The maximum punishment for causing grievous injury is seven years. The court will pronounce the quantum of sentence on July 4. The court, however, said the offence of wrongful restraint (Section 341 IPC) is not made out in this case as the complainant was not going anywhere and he was not restrained from proceeding in any direction.
“Further, section 147 of the IPC, which punishes the offence of rioting, is also not made out considering that the intention of accused was only to beat the complainant and no further.
“It is not clear that how many persons apart from the accused had assaulted the complainant and what was their common object, if any,” the court said.
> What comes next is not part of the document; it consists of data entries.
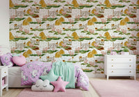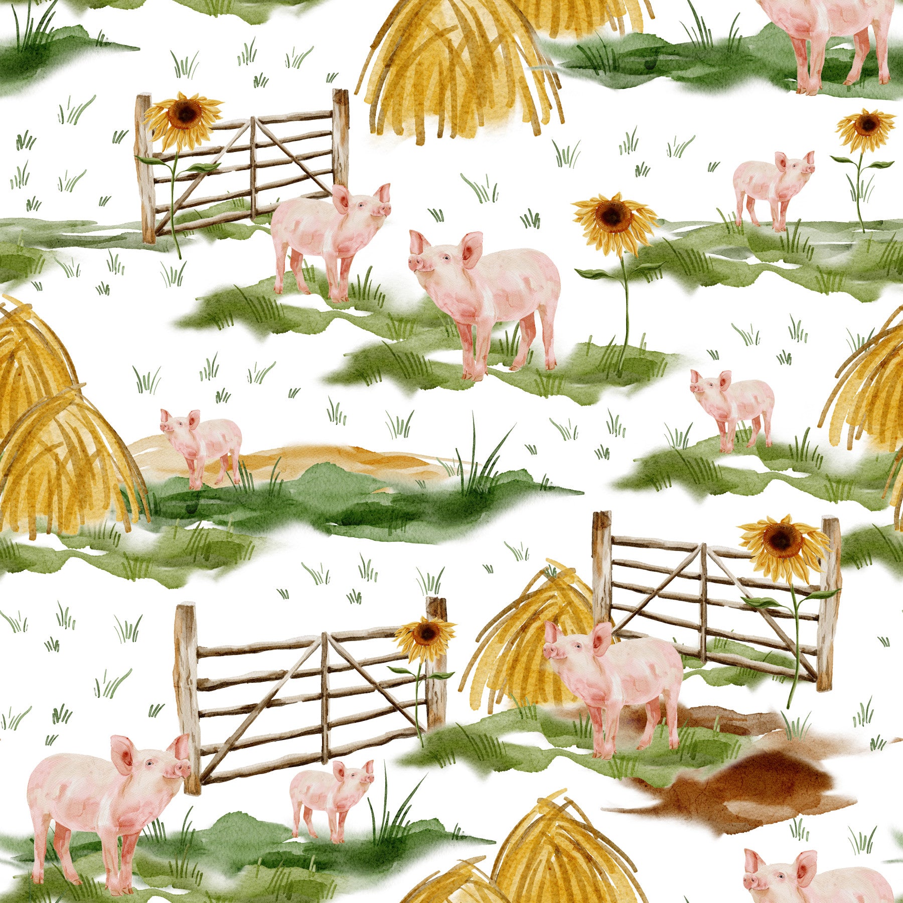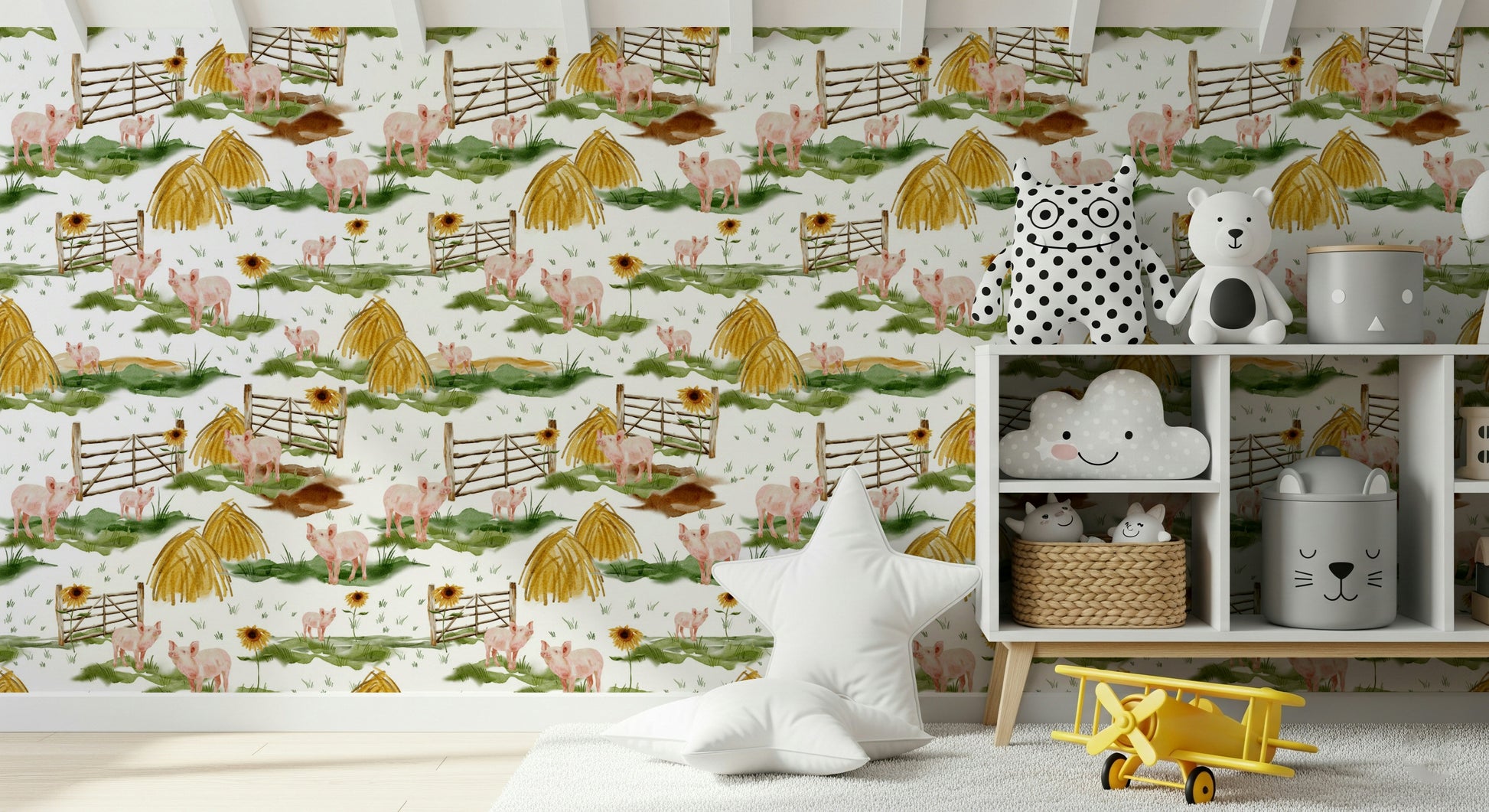 Bring rustic charm to your walls with this delightful watercolour wallpaper by Uta Naumann. This pattern features adorable pink pigs, golden hay bales, and cheerful sunflowers. Soft greens and browns create a tranquil, countryside aesthetic. The playful design works well in a kid's room, nursery, or kitchen. With its hand-painted feel, this wallpaper adds a touch of warmth and whimsy to any space. Use this wallpaper for walls to create a heartwarming feature wall in any room. It pairs perfectly with farmhouse or cottage-style interiors.
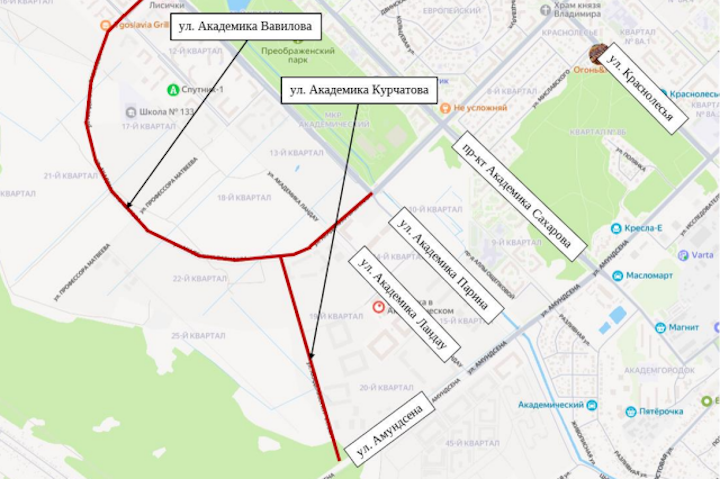 Также в постановлении мэрии утверждены трассировки улиц, названных в честь академиков Игоря Курчатова и Николая Вавилова. Они появятся в строящейся части Академического на территории 17-го, 18-го, 19-го и 20-го кварталов и соединят их с улицей Амундсена.
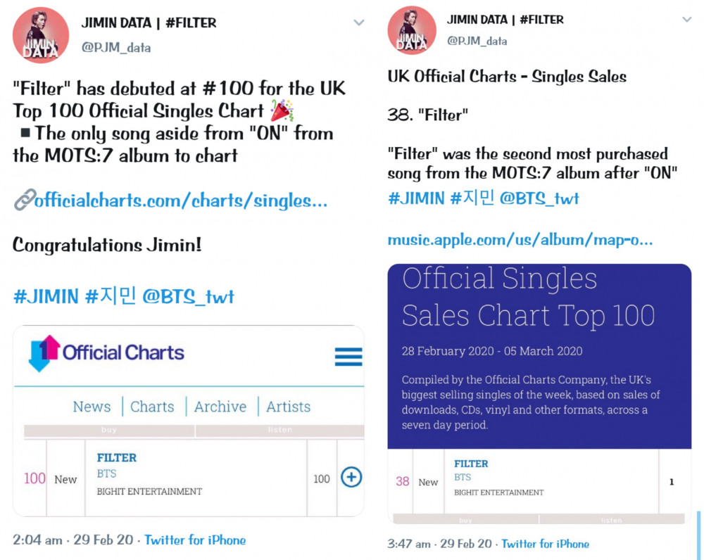 Thành công này đã giúp Jimin trở thành nghệ sĩ Hàn Quốc đầu tiên sau PSY sở hữu ca khúc solo có mặt trong UK Top 100 Official Singles Chart. Điều này có nghĩa rằng Fliter là ca khúc Kpop thứ 3 sau Gangnam Style và Gentleman có mặt trong BXH này. Tuy nhiên khác với PST, ca khúc của Jimin thậm chí còn không có MV hay bất kỳ quảng bá nào.
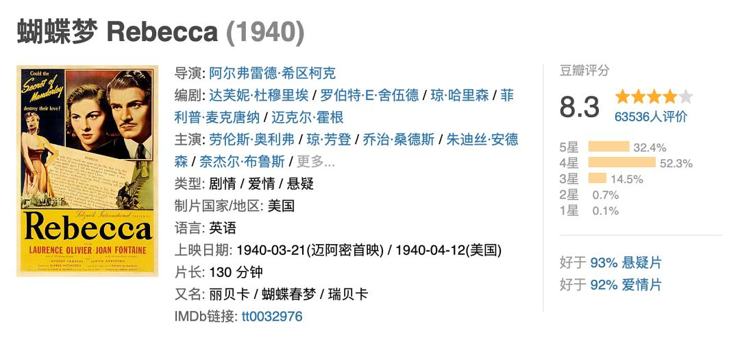 虽然在希导眼里,1940年上映的原版《蝴蝶梦》并不是满意之作,但也阻挡不了它在当年一举拿下奥斯卡最佳影片,并且时至今日依旧能让人惊出冷汗,豆瓣评分也达到了悬疑片难以取得的8.3分。
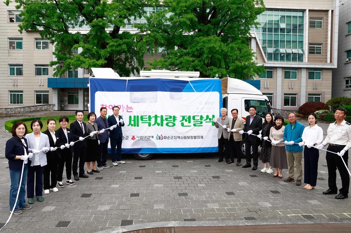 이날 이동세탁차량 전달식에는 구복규 화순군수, 김동극 전남사회복지 공동모금회 사무처장, 양동만 화순군지역사회보장협의체 민간위원장 등 협의체 위원이 함께했다.
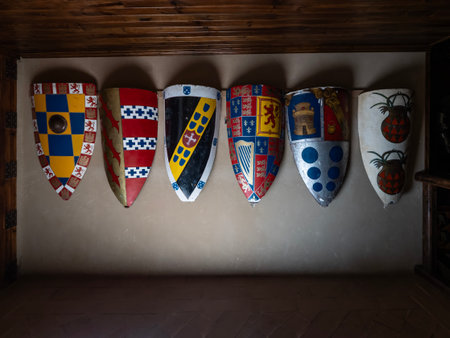 Russia, Sochi 14.03.2020. A knights shield depicting a cross and lions hangs on the wall. Closeup photos
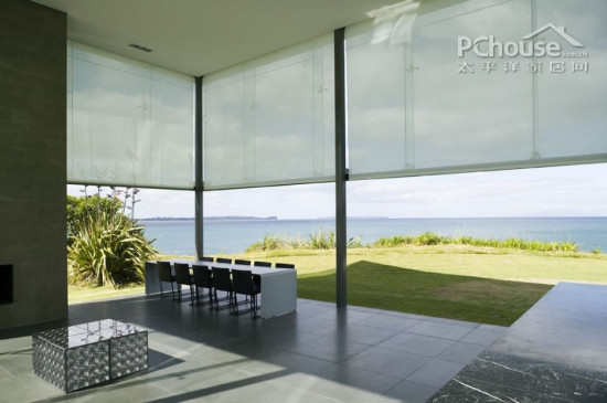 编辑点评:白天的视觉效果是绝佳的,玻璃窗上放下遮光幕布,将室内的刺眼光线调节成刚刚好的柔和角度。
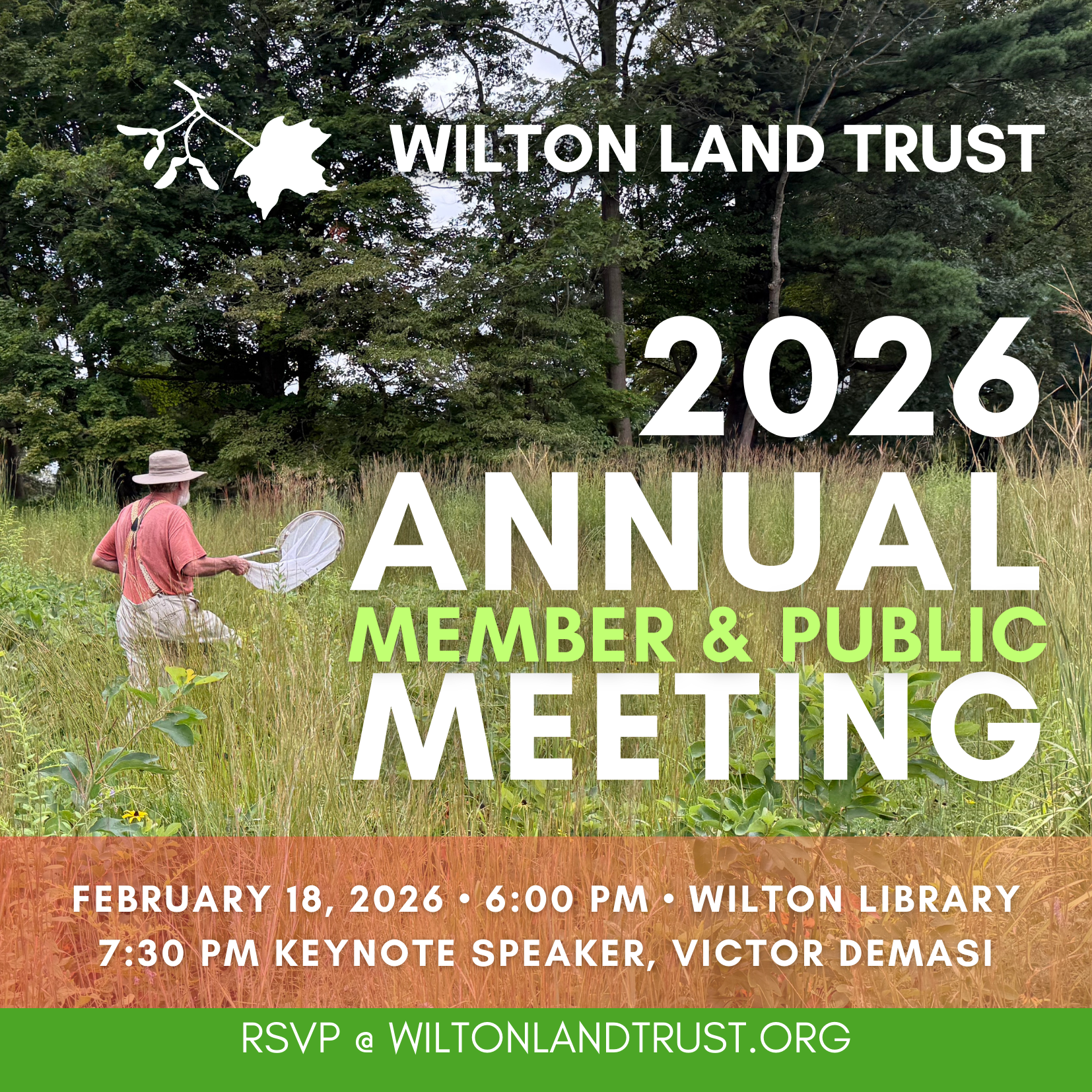 The Wilton Land Trust’s Annual Meeting is set for Wednesday, February 18 in the Brubeck Room at the Wilton Library. The member meeting is at 6:00pm, refreshments at 6:30pm, organizational highlights with Executive Director Whitney Beaman and President Craig Johnson at 7:00 pm, followed by a 7:30 pm keynote by entomologist Victor DeMasi on butterflies,…

An FIR was lodged against Dutt in 2015 at the Gulabi Bagh police station in North Delhi on the allegation that the MLA and around 50 of his supporters, while campaigning in the locality, had come to the house of complainant Sanjeev Rana. The prosecutor had alleged that when the complainant objected, the MLA allegedly hit him in his legs with a baseball bat and his supporters dragged him out on the road and started beating him, causing grievous injury.
Dutt’s counsel had refuted the arguments of the prosecutor saying the MLA and his supporters were peacefully campaigning in the society and it was the complainant who started quarrelling with Dutt in an inebriated state, on which a cross FIR was also registered by the legislator.